Sharma Avijit, Dai Feng, Tseng Lanya, Effraim Philip R, Zhou Bin, Schonberger Robert B, Li Jinlei
Department of Anesthesiology, Yale University School of Medicine, New Haven, CT, USA.
Yale Center for Analytical Sciences, Department of Biostatistics, Yale University School of Public Health, New Haven, CT, USA.
J Pain Res. 2023 Feb 18;16:553-561. doi: 10.2147/JPR.S395336. eCollection 2023.
Glucocorticoids are commonly used as regional anesthesia adjuvants to improve blockade quality and duration. There are limited data in the literature regarding the potential systemic effects and safety of perineural glucocorticoids. This study examines the effects of perineural glucocorticoids on serum glucose, potassium, and white blood cell count (WBC) in the immediate postoperative period after primary total hip arthroplasty (THA).
A retrospective cohort study was carried out at a tertiary academic medical center utilizing electronic health records of 210 patients who underwent THA, for which patients received either a periarticular local anesthetic injection alone (PAI, N=132) or additional peripheral nerve blocks (PNB, N=78) containing 10 mg dexamethasone and 80 mg methylprednisolone acetate (PAI+PNB). The primary outcome was change in serum glucose from a preoperative baseline on postoperative days (POD) 1, 2, and 3. Secondary outcomes included changes in WBC and serum potassium.

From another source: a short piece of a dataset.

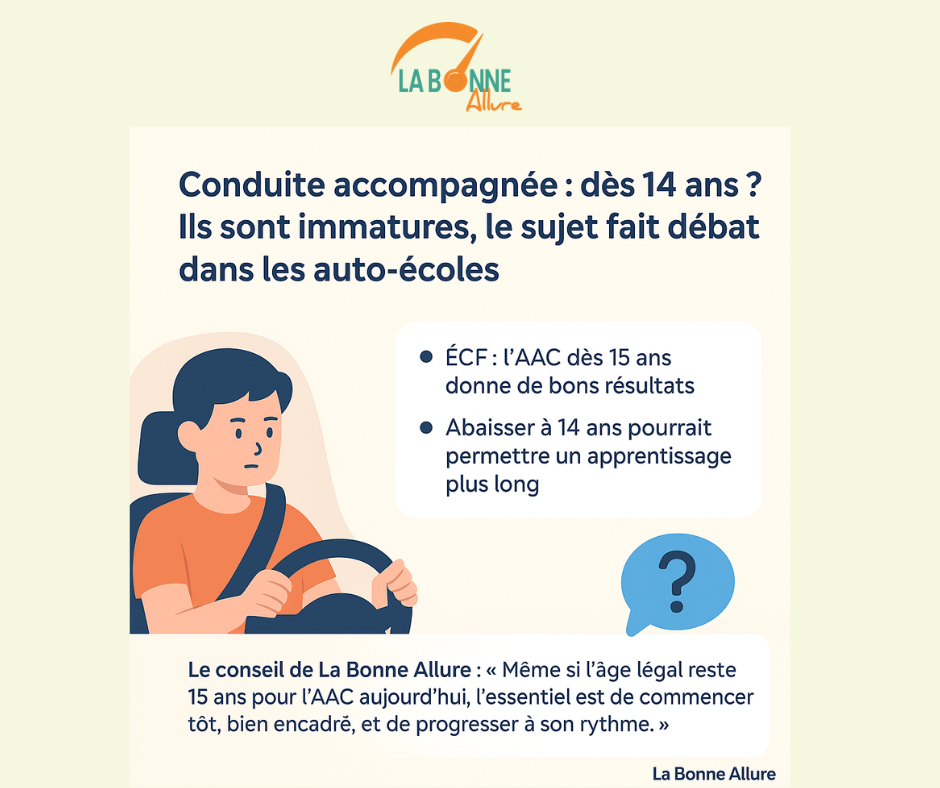 Le débat est lancé : certains professionnels de la conduite plaident pour ouvrir la voie de la Conduite Accompagnée (AAC) dès 14 ans, au lieu de 15 ans actuellement. La question : les adolescents sont‐ils assez mûrs ? Ou serait‐ce une vraie opportunité pour renforcer l’apprentissage ?

The change in serum glucose from baseline was found to be significantly higher in the PAI+PNB group compared to the PAI group on POD 1 (mean difference 19.87 mg/dL, 95% CI [12.42, 27.32]; <0.001) and POD 2 (mean difference 17.5 mg/dL, 95% CI [9.66, 25.44], <0.001). No significant difference was found on POD 3 (mean difference -8.18 mg/dL, 95% CI [-19.07, 2.70], =0.14). Statistically significant but clinically insignificant differences were detected in serum potassium in the PAI+PNB group compared to the PAI group on POD1 (mean difference 0.16 mEq/L, 95% CI [0.02, 0.30], =0.03) and WBC on POD 2 (mean difference 3.18 × 1000/mm, 95% CI [2.14, 4.22], <0.001).
Patients who underwent THA and received PAI+PNB with glucocorticoid adjuvants demonstrated higher elevations in serum glucose for the first two PODs compared to patients who received PAI alone. These differences resolved by a third POD and are likely to be of no clinical significance.
糖皮质激素常用作区域麻醉佐剂,以提高阻滞质量和持续时间。关于神经周围使用糖皮质激素的潜在全身影响和安全性,文献中的数据有限。本研究探讨了在初次全髋关节置换术(THA)术后即刻,神经周围使用糖皮质激素对血清葡萄糖、钾和白细胞计数(WBC)的影响。
在一家三级学术医疗中心进行了一项回顾性队列研究,利用210例行THA患者的电子健康记录,这些患者要么仅接受关节周围局部麻醉注射(PAI,n = 132),要么接受额外的包含10 mg地塞米松和80 mg醋酸甲泼尼龙的外周神经阻滞(PNB,n = 78)(PAI + PNB)。主要结局是术后第1、2和3天血清葡萄糖相对于术前基线的变化。次要结局包括WBC和血清钾的变化。
发现PAI + PNB组术后第1天(平均差异19.87 mg/dL,95%CI[12.42,27.32];<0.001)和第2天(平均差异17.5 mg/dL,95%CI[9.66,25.44],<0.001)血清葡萄糖相对于基线的变化显著高于PAI组。第3天未发现显著差异(平均差异 - 8.18 mg/dL,95%CI[-19.07,2.70],P = 0.14)。与PAI组相比,PAI + PNB组术后第1天血清钾(平均差异0.16 mEq/L,95%CI[0.02,0.30],P = 0.03)和术后第2天WBC(平均差异3.18×1000/mm,95%CI[2.14,4.22],<0.001)检测到具有统计学意义但临床意义不显著的差异。
与仅接受PAI的患者相比,接受PAI + PNB糖皮质激素佐剂的THA患者在术后头两天血清葡萄糖升高幅度更大。这些差异在术后第3天消失,可能无临床意义。